The thing about first ascents in the Yukon Territory is that the Yukon Territory is a fucking long way from Pittsburgh, PA. It’s a journey requiring many stops and an absurd number of changes in mode of transportation: buses, planes, cabs, helicopters. A ferry. For the first time in my life, I rode a ferry.
The thing about first ascents in general is that there’s only one reason to do something so ridiculous as to willingly put yourself hundreds of feet in the air, hanging perilously close to death, nothing more than the tip of your pick piercing the ice and a nylon rope the width of your thumb to keep you from your severely painful doom: simply put, you want to be badass.
Adventure sports are called adventure sports for a reason. If there’s no risk of life and limb, then there is no point. I find it’s near impossible to impress a woman with a badminton racquet in your hand, both feet firmly on the ground.
Yes, it’s all about the badass. Jason, Erica and I could think of no better way to prove ourselves (to whom or what I’m still not certain) than the first ascent of a potentially treacherous ice route thousands of miles from home.
This is back when being badass was important to me, of course. This is back when my story, the story of Travis Sebastian Eliot, was moving along rather swimmingly. This is back when I was waiting tables, taking people’s money with a relentless assault of charm and product knowledge, taking vacations whenever I had the money – long vacations to climb and ride the mountain trails and raft the white waters, to drink the local beer and fuck the local women.
This ice ascending adventure is back when things were simple and life was as easy as all those local broads. I am glad of that time in my life. I fully believe that every man needs, at some point in his life, to know what it feels like to be a bad motherfucker. I’m glad I got to experience it before the time of men fades forever into a fog of femininity…
This trip was when things were simple.
But the story sometimes takes an unexpected turn, I suppose. Sometimes the characters have no choice but to hold on, white-knuckled, and wait to see how they come out of it.
I came out of this shit more badassedly than I could ever have imagined. I mean, being tough is one thing, but you cross a line that most people don’t even know exists when you get into survival cannibalism. There’s a constitution there that doesn’t seem real to people. It doesn’t even seem real to you. Even when you’re in the middle of the very real act of cutting the meat from your dead friends’ bones, taking a nice big bite of that incompetent fucking pilot, it doesn’t seem real to you.
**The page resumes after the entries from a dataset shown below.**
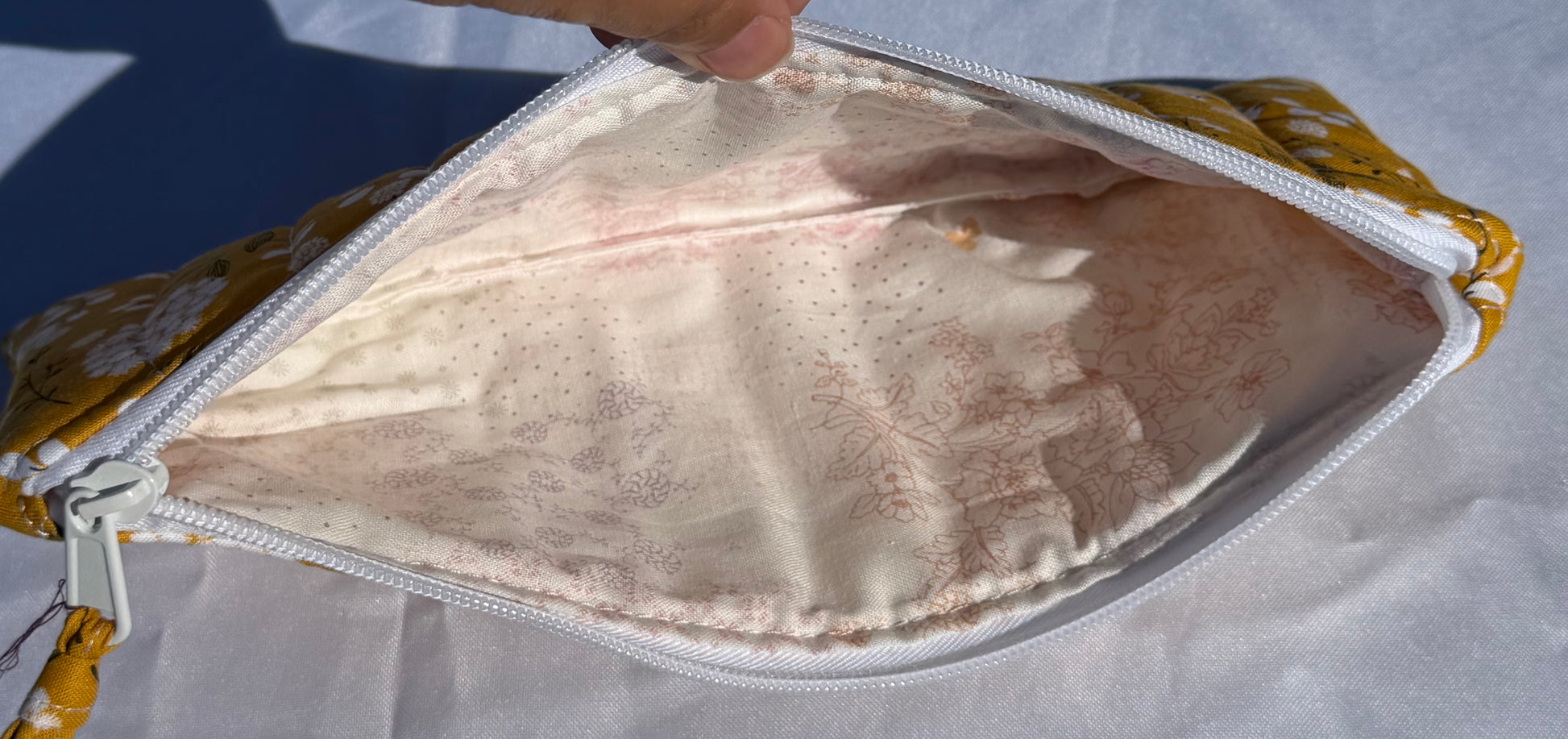 Add a touch of charm to your everyday essentials with this beautiful handmade quilted zipper pouch. The exterior features a warm mustard-yellow background adorned with delicate white and soft green botanical florals, Vertical quilted stitching adds-stitch detailing gives the pouch structure and a high-quality finish. A white zipper with a matching fabric pull tab adds convenience and style.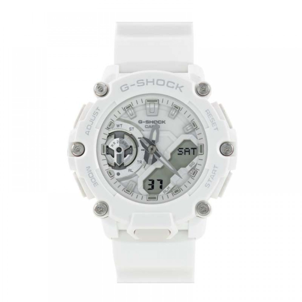 Casio G-Shock Analog-Digital GMA-S2200M-7AJF - men's watch produced by Casio. It is equipped with Japanese quartz movement and 5694 calibre. Polymer, carbon case of round shape. Case dimensions are 45.7 mm. in diameter and 12.1 mm. in thickness. The dial of this Casio watch is lcd, white. Display type: analog-digital. This timepiece has mineral glass. Polymer band, band color: white. 200 m. water resistance. The watch is from G-Shock collection. The following features are equipped: glowing hands, world time, countdown timer, backlight, perpetual calendar, chronograph, alarm, date, day, month.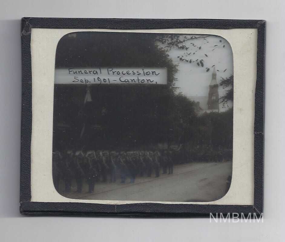This is a negative glass slide that shows a view of McKinley's funeral procession through Canton, Ohio. The slide has text that reads "Funeral Procession, Sep. 1901-Canton."Collection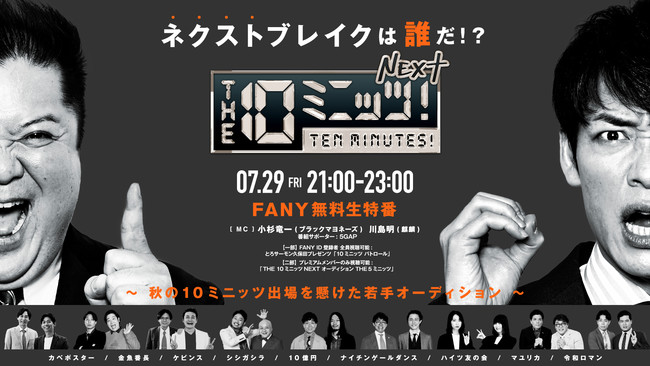 この度、吉本興業が運営する各種エンタメサービス「FANY(ファニー)」の無料生配信特番『THE 10ミニッツ!NEXT』の配信日が、7月29日(金)21時に決定いたしました。本番組は、2022年3月11日に大好評で幕を閉じた、生配信特番「THE 10ミニッツ」の第2弾(この秋開催予定)に向けたスピンオフ番組となります。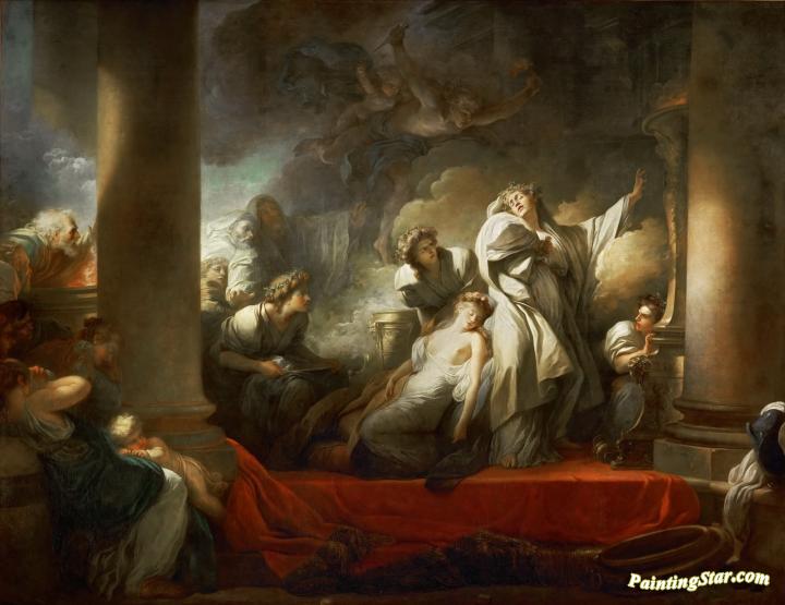 Coresus Sacrificing Himself to Save Callirhoe, Art Painting by Jean Honore Fragonard

One of the things about being knee deep in such a situation is that you find out what you’re made of. I was, after the plane went down, made of broken bones and lacerations. And I was made of fear and dread and pain. And I was made of torment.
I know that this all sounds a little gothic or melodramatic or whatever, but that’s the way it was. I mean, they were all dead. My friends were dead, and I was starving. And not starving in the way we Americans throw the word around. This wasn’t I haven’t had my 3 PM McDonald’s run yet starving. This was hallucination-inducing emptiness. This was a searing-pain-in-the-innards kind of hunger.
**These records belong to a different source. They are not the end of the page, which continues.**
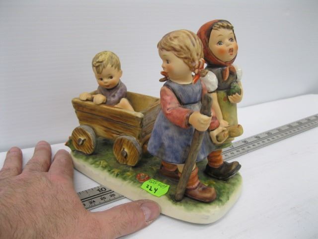 GOEBEL HUMMEL FIGURINE,  2 GIRLS WITH CART , APPROX. 6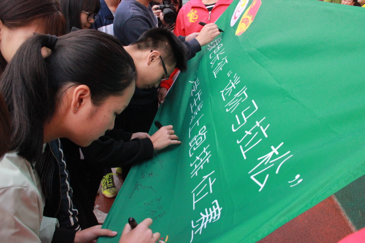 然后,领导老师为运动员代表佩戴徽章,各代表队在活动旗上签名。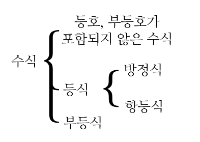 - 방정식: 미지수에 따라 참이 되기도 하고 거짓이 되기도 하는 등식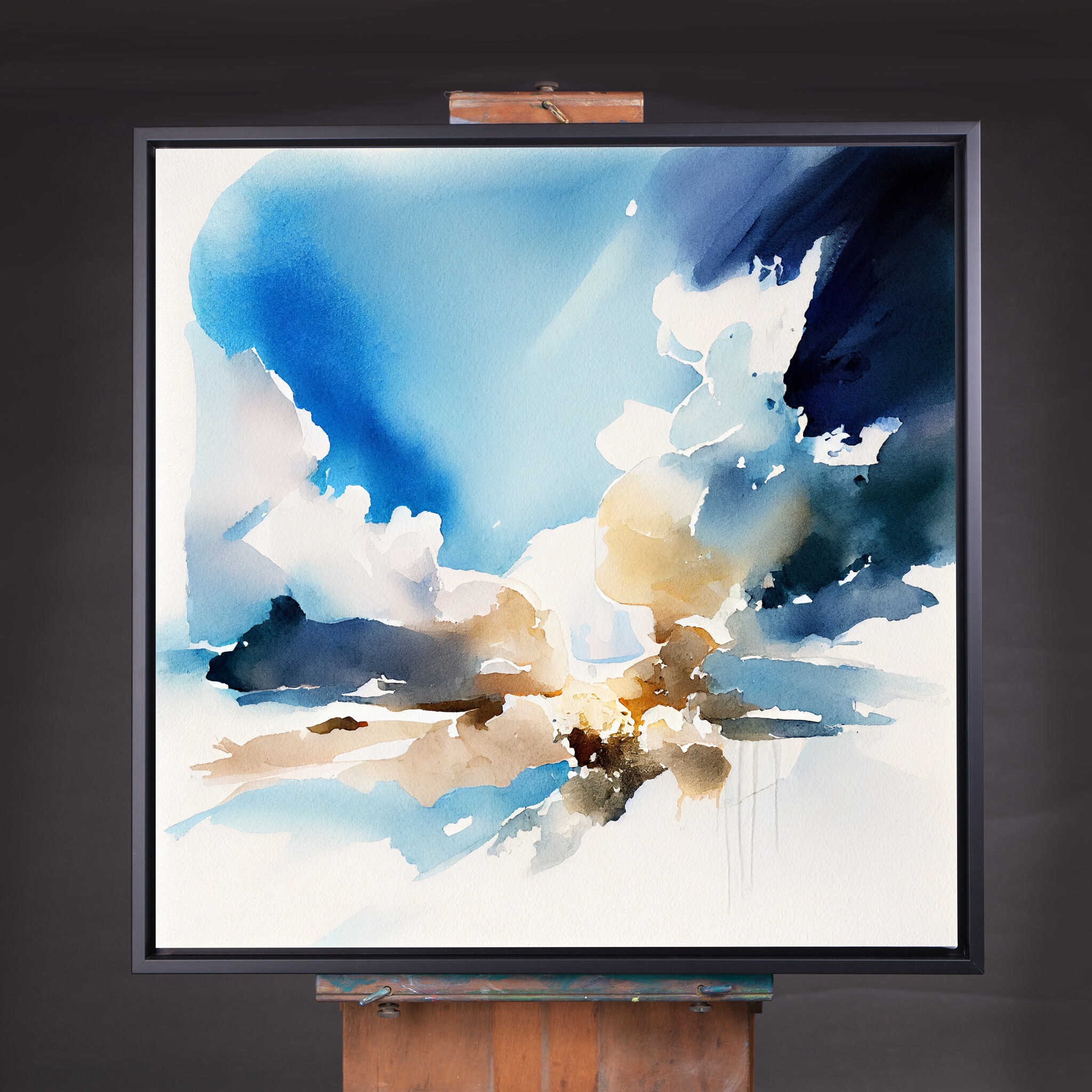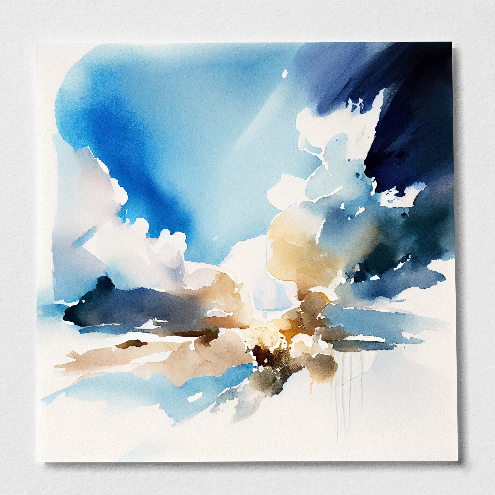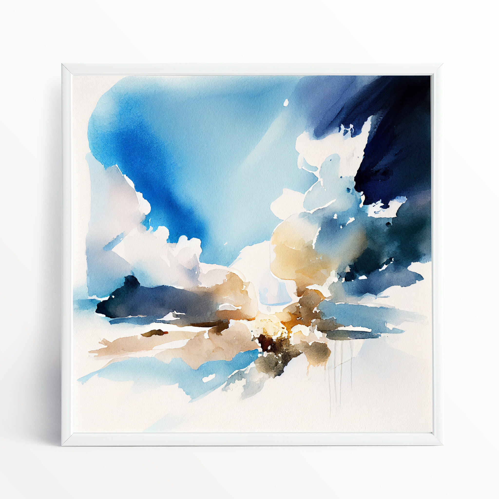 This captivating abstract skyscape features calming blue art intertwined with warm tones, creating a harmonious balance. The modern style and fluid brushstrokes bring the skyscape to life, making it an exquisite piece of wall art. Perfect for those who appreciate abstract landscapes, the artwork captures the serene beauty of the sky.

The thing about mountains is they’re supposed to represent a challenge – this enormous mass of earth and rock, put there by whatever god you see fit, is meant to dwarf you. It’s supposed to humble you, remind you that you’re small.
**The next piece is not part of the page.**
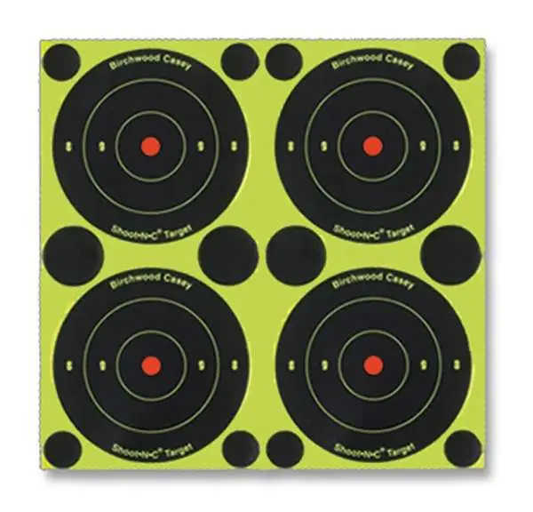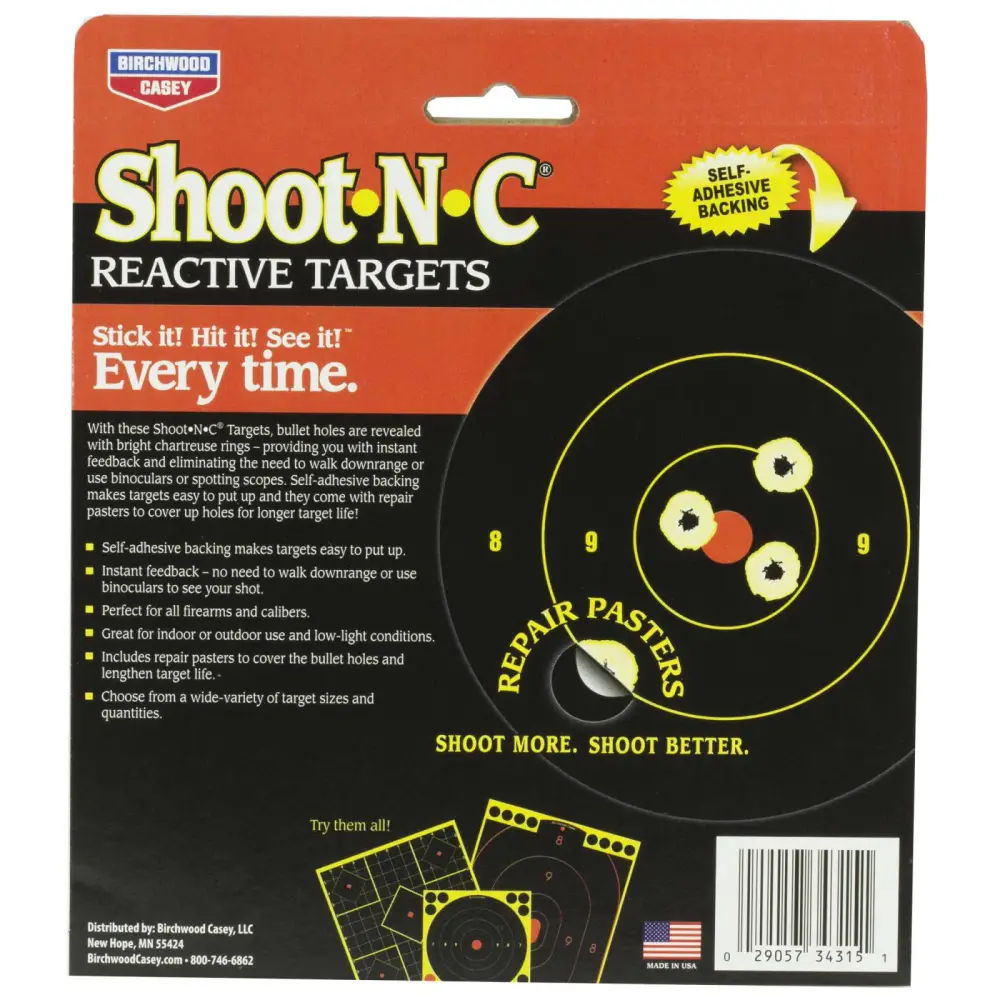 The Birchwood Shoot-N-C Bull's-Eye targets are great for close-range shooting with airguns and sharp shooting with .22 rimfire or centerfire guns. Bullet holes are easy to spot with bright chartreuse rings on these self-adhesive targets. You can design your own custom targets with these easy to place targets. Great for indoor or outdoor use and low-light conditions. Includes repair plasters to lengthen target life.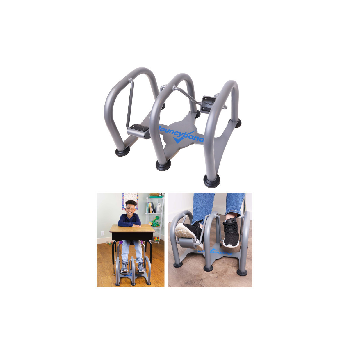 Bouncyband foot swing silently enables the release of excess energy while sitting alleviating anxiety and increasing concentration. Focus more and fidget less! Fidgeters place feet on separate pedals independently moving them back and forth relieving stress and decreasing boredom. Quiets the urge to move by releasing excess energy improving seat behavior enabling greater concentration. Excellent for school and home fitting under desks and tables leaving the hands free for class and homework. Made of heavy gauge steel and thick rubber feet, stays in place on both hard floors and carpets. Therapeutic footrest provides relief and is beneficial for everyone including those with ADHD, autism, and sensory processing disorder. Measures 17.5" x 14" x 12".

Then again, maybe the mountains don’t represent a damn thing. Maybe they’re nothing more than little fits of rage thrown by our gracious Mother Earth, who doesn’t waste her time with small gestures of displeasure. She has no wooden spoon, no need to bother with time-outs or groundings. These punishments carry no weight in a house with billions of children. Instead, she has shiftings of tectonic plates, volcanic eruptions, hurricanes and tsunamis that swallow entire cities. When that bitch is angry with you, you’re going to know it.
You might not know exactly why you deserve this punishment, but hell, sometimes it’s better not to know how much of asshole you really are.
Of course, I can’t say that Mama threw her best at me. All I had to deal with was the cold, really. And the quiet.
At least, those were the only factors she’d thrown into the equation. She certainly had nothing to do with all the months of planning, saving money, packing all that sub-zero sleeping gear and ropes and spikes. She had nothing to do with our decision to find the cheapest air-fare possible, no matter if the plane looked more like a Volkswagen than a flying craft of obvious genius, no matter if the pilot seemed a little, well, iffy. No, these were all decisions made by three reasonably bright people. Three good friends who just wanted a grand adventure and their names attached to something awesome.
This was the kind of shit that left me thinking I’d be spending the rest of my life with the arctic night sky as my only scenery, the stars and constellations the only names I’d have to call to. When you get to thinking that you’re going to die a slow, painful, lonely death, you begin to see how ancient peoples could have thought the stars were listening to them. Those stars, they’re always there. Every night, looking in on you. Why not talk to them? You’ve got all the time in the world before anyone will rescue you. Or before you die.